ФЕМИДОВ ЗА ГРАНИЦЕЙ
«Пора кончать с такой жизнью, пора!» - решительно думал Фемидов.
Он оповестил об этом Настеньку по телефону-автомату. Настенька всхлипнула от решимости друга и согласилась, что с такой жизнью пора кончать. Фемидов всхлипнул от решимости Настеньки.

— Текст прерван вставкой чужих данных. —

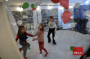 świąteczna kolejka, za którą maszerowały Mikołaj, Bałwanek i Renifer, a także bajkowe postaci i orkiestra.
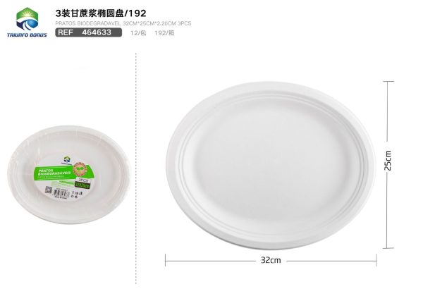 C.B. 5606858464633PRATOS BIODEGRADAVEL 32CM*25CM*2.20CM 3PCS
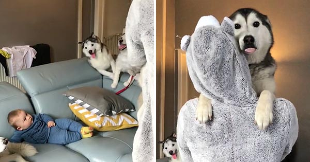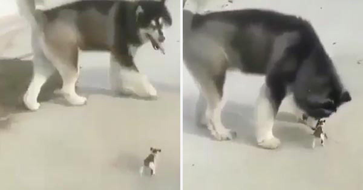 大個兒哈士奇當保姆好盡責 不停回頭看「迷你小奶喵」:跟得上嗎?
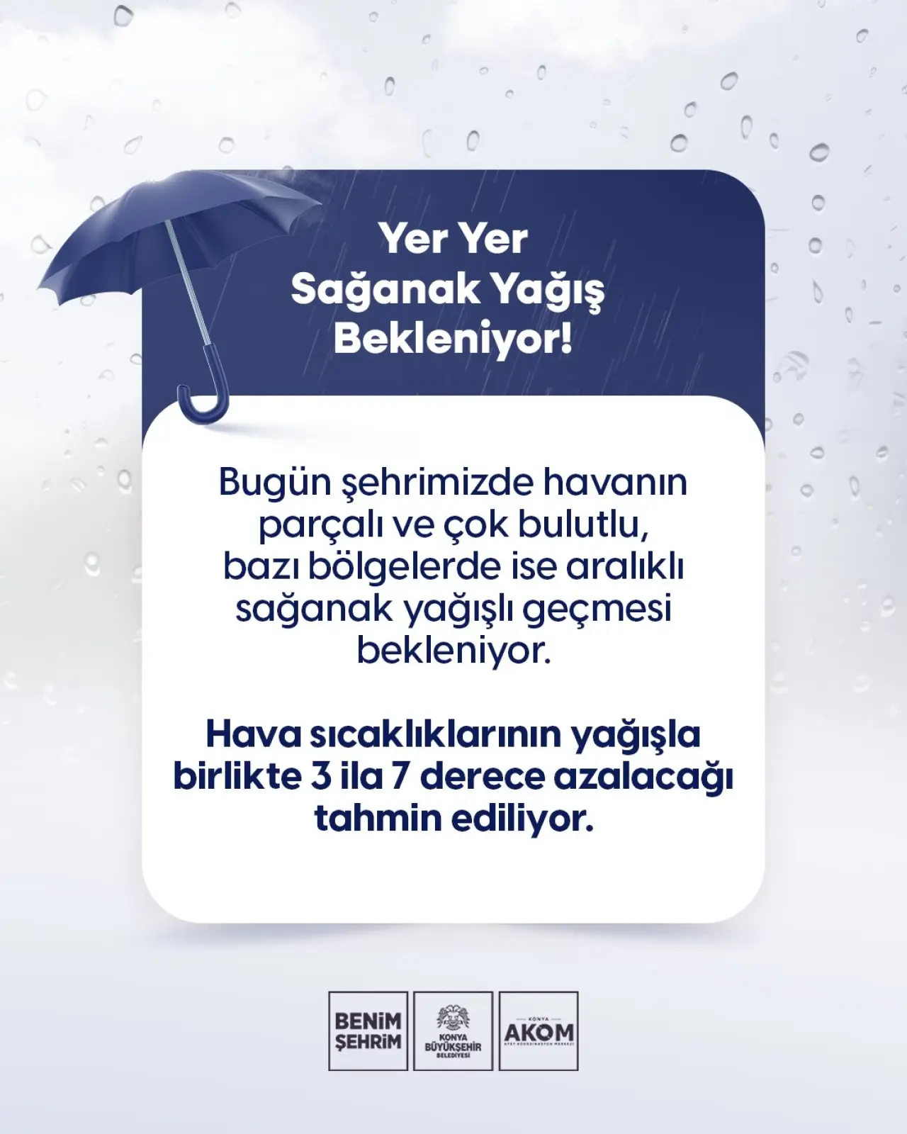 KONYA AKOM, ani sağanaklara bağlı olarak oluşabilecek su baskını, ulaşımda aksamalar, kısa süreli kuvvetli rüzgar gibi olumsuzluklara karşı vatandaşların dikkatli ve tedbirli olmalarını önemle hatırlattı.
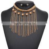 Fashion New Design Black Lace With Champagne Color Pearls Pendant Chain Tassel Choker Necklaces
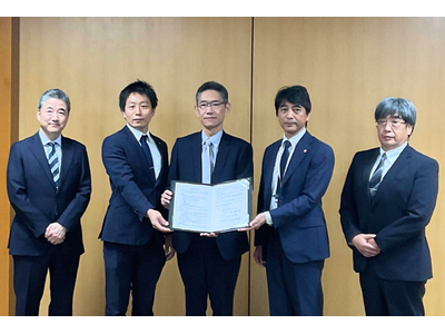左から ホンダトレーディング執行役員 正木 一臣、金田 英樹 大津町長、ホンダトレーディングアルミニウム社長 水口 浩太郎、上田 哲也 熊本県商工労働部長、ホンダトレーディングアルミニウム取締役 木村 之治=24日、県庁(写真ご提供:熊本県)
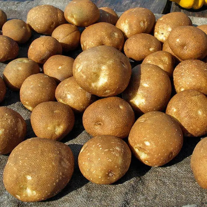 Это универсальный сорт картофеля любительской селекции, выведенный в Калуге. Название получил за круглоовальную форму клубней и шероховатую кожуру, по внешнему виду схожую с кожицей настоящего киви. Сорт получил широкое распространение, семенные клубни пользуются огромным спросом, так как купить их в садоводческих магазинах удается чрезвычайно редко. Вес клубней невелик 80-100 граммов. Это одно из преимуществ сорта такую картошку удобно чистить, она легко умещается в руке. Количество клубней в гнезде до 15 штук, урожайность до 220 ц/га, сроки созревания 120-130 дней. Кожура желто-коричневая, мякоть белая. Лежкость корнеплодов хорошая, до весны сохраняется хорошо. Сорт неприхотлив, выращивается в любых регионах и на любых почвах. Устойчив к вредителям его не очень любят колорадские жуки и проволочник.
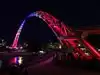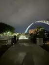 The architectural lighting adds nice ambiance to the arc and bridge, which are on a nice river walk and bike path. Nice stop if you’re downtown or biking through.
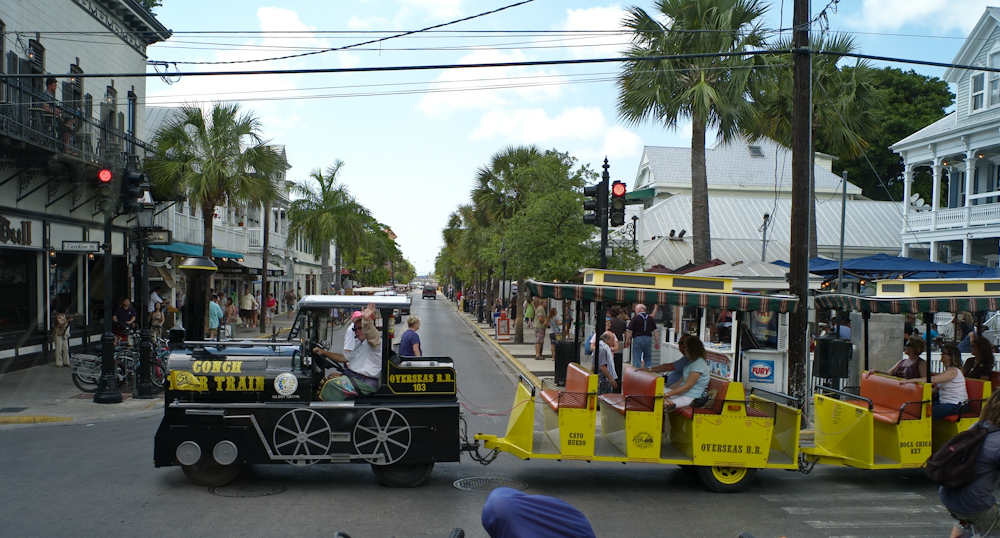 Duval street has everything a tourist needs including the Conch Train to carry you around town.

У Смольного, как оговорено, они встретились. Фемидов выгладил свой пиджак. В кармане пиджака что-то торчало. Настенька была бледна и напудренна. По слою пудры с обеих сторон от глаз к уголкам рта виднелись бороздки. «Вероятно, плакала!» - предположил Фемидов. Ясные и грустные очи Настеньки выражали очевидную устремлённость к концу.
И тогда вдруг Фемидов шлёпнул Настеньку, шлёпнул её легонько и ободряюще по спине, затем хлопнул себя по карману пиджака, где что-то выпирало. «Здесь!» - сказал он сурово. Настенька кивнула. «А что же Варенька?» - спросила она. «Я ей уже сказал. Она сначала не поверила, но потом разрыдалась!» Настенька кивнула. «Ну что, пошли?» - спросил Фемидов. Ответом был еле заметный кивок Настеньки.
И они пошли. Вместе. Рядом. Держась за руки. Им оставалось несколько шагов.
Знакомый жандарм, давно сочувствовавший бедственному их положению, помог всё уладить. И даже злая тётка Настеньки отцепила башлей, чтобы проводить их в последний путь. А настенькому папеньке, бывшему бухгалтеру и нынешнему алкашу, дали каким-то чудом ссуду. Он ещё не успел превратить её в вино, как ссуда пошла на последний путь Настеньки и Фемидова.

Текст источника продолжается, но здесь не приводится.